Google Cloud는 TensorFlow플랫폼을 통해 사용자가 원하는 모델을 보다 쉽게 구축할 수 있습니다.

GCP의 ML 환경에서 제공하는 고성능의 VM들을 통해 사용자는 대규모 학습 및 학습된 모델을 통한 서비스 제공을 보다 쉽게 수행할 수 있습니다.

뉴스레터 가입

클라우드 관련 최신 소식을 업데이트 받으실 수 있습니다.

그림 1 Google Cloud 기반 Machine Learning 환경

• Master: 다른 작업들을 관리하고 전체 상태를 모니터링. 모든 작업이 완료될 때까지 수행

• Worker: Training을 수행하는 replica

• Parameter server: Worker 간 공유된 모델 상태를 조정

그림 2 Cloud ML 런타임 환경

이 글에서는 GCP ML엔진을 사용해서, Oxford-IIIT Pet의 애완동물 데이터를 학습하고 Detection하는 과정을 설명합니다.

그림 3 Detection 예제

※ 이 글에서 소개하는 내용을 따라 시험할 시, 데이터 학습시간 및 양으로 많은 비용이 소요될 수 있으므로, 학습 횟수를 줄이거나 전체 flow만 파악하고 중간에 학습을 중단시켜 비용이 많이 나오지 않도록 하는 것을 권장합니다.

Object Detection model training 절차

1. VM 생성

Compute Engine > VM instances 메뉴 선택

CREATE INSTANCE 메뉴 선택

아래와 같이 세팅 후 Create 버튼 클릭

– Name/Region : 개인별 선택
– OS : Ubuntu 16.04
– Access scopes : Allow full access to all Cloud APIs
– 그 외 Default

2. 생성한 VM에 SSH 접속

생성한 VM의 SSH 버튼 클릭

3. 학습 결과를 저장할 Cloud Storage Bucket Name 지정 및 생성

export GCS_BUCKET=object-detect-test0
gsutil mb -c regional -l asia-east1 gs://${GCS_BUCKET}

※ Cloud storage Bucket Name은(GCS_BUCKET 변수) Global하게 유일한 이름으로 지정해야 합니다.

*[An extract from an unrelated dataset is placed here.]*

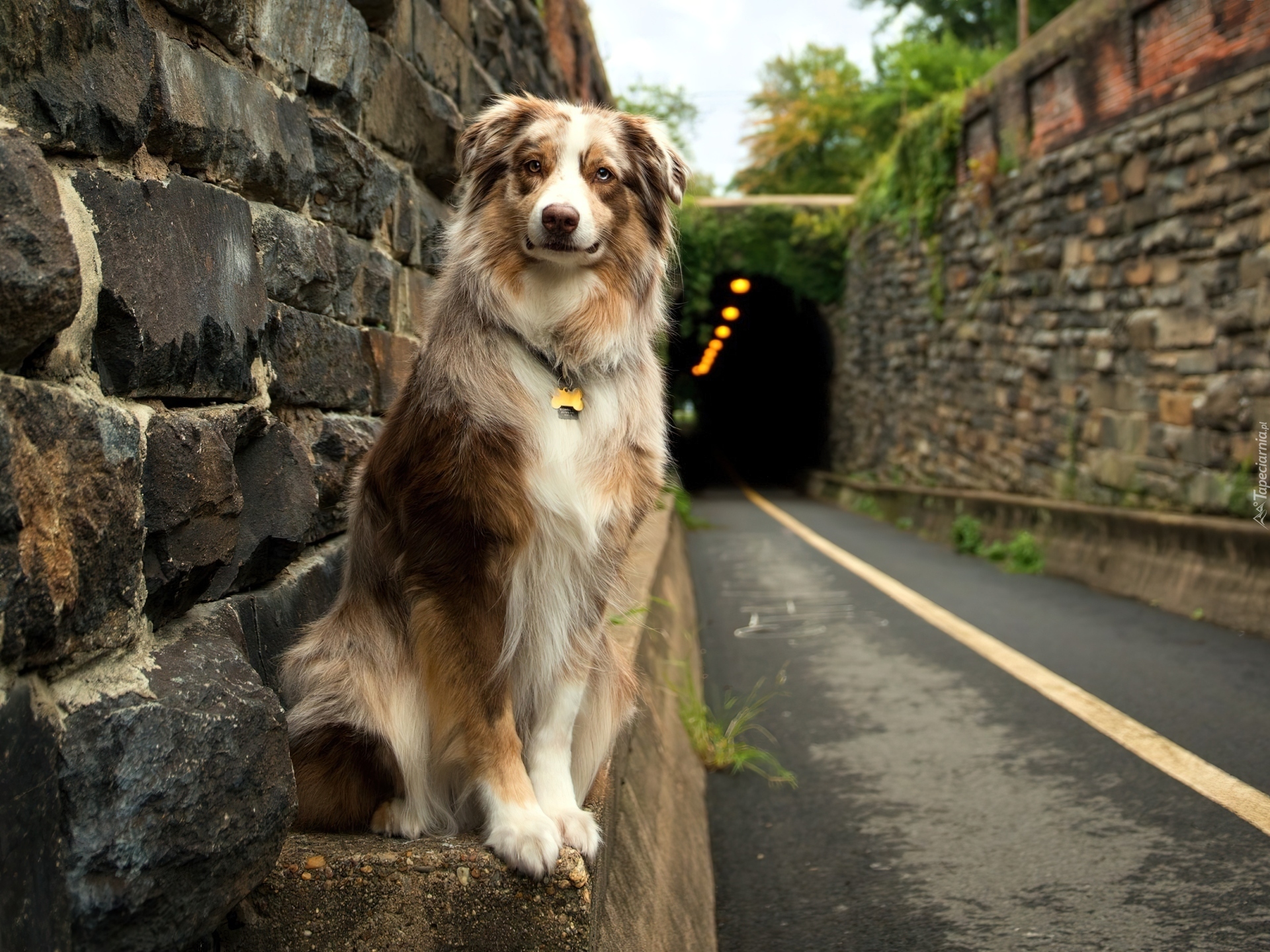 Edytor tapety: Owczarek australijski, Australian shepherd, Droga, Tunel

4. VM에 Tensorflow 및 실행환경 설치

sudo apt-get update
sudo apt-get install python-pip
pip install tensorflow
sudo apt-get install protobuf-compiler python-pil python-lxml python-tk
pip install Cython
pip install jupyter
pip install matplotlib
pip install raven

5. Object Detection API library 다운로드

mkdir tensorflow
cd tensorflow
git clone https://github.com/tensorflow/models.git

6. COCO dataset 사용을 위한 COCO API 설치

git clone https://github.com/cocodataset/cocoapi.git
cd cocoapi/PythonAPI
make
cp -r pycocotools ~/tensorflow/models/research/

7. 학습을 위한 옵션변경 및 환경설정

cd ~/tensorflow/models/research/
vi object_detection/protos/ssd.proto (87행 reserved 6; 삭제)
protoc object_detection/protos/*.proto –python_out=.
ls -al object_detection/protos/*.py
cd ~/tensorflow/models/research/
export PYTHONPATH=$PYTHONPATH:`pwd`:`pwd`/slim

8. Oxford-IIIT Pet Dataset 다운로드 및 TFRecord format으로 변환

cd ~/tensorflow/models/research/
wget http://www.robots.ox.ac.uk/~vgg/data/pets/data/images.tar.gz
wget http://www.robots.ox.ac.uk/~vgg/data/pets/data/annotations.tar.gz
tar -xvf images.tar.gz
tar -xvf annotations.tar.gz
python object_detection/dataset_tools/create_pet_tf_record.py
–label_map_path=object_detection/data/pet_label_map.pbtxt
–data_dir=`pwd`
–output_dir=`pwd`

9. 변환한 Dataset을 Cloud Storage에 업로드

gsutil cp pet_faces_train.record-0000* gs://${GCS_BUCKET}/data/
gsutil cp pet_faces_val.record-0000* gs://${GCS_BUCKET}/data/
gsutil cp object_detection/data/pet_label_map.pbtxt gs://${GCS_BUCKET}/data/pet_label_map.pbtxt

10. Pretrained COCO Model 다운로드 및 Cloud Storage에 업로드

wget http://storage.googleapis.com/download.tensorflow.org/models/object_detection/faster_rcnn_resnet101_coco_11_06_2017.tar.gz
tar -xvf faster_rcnn_resnet101_coco_11_06_2017.tar.gz
gsutil cp faster_rcnn_resnet101_coco_11_06_2017/model.ckpt.* gs://${GCS_BUCKET}/data/

11. COCO API 연동설정 (Copy the common folder from cocoapi into the cocoapi/PythonAPI directory)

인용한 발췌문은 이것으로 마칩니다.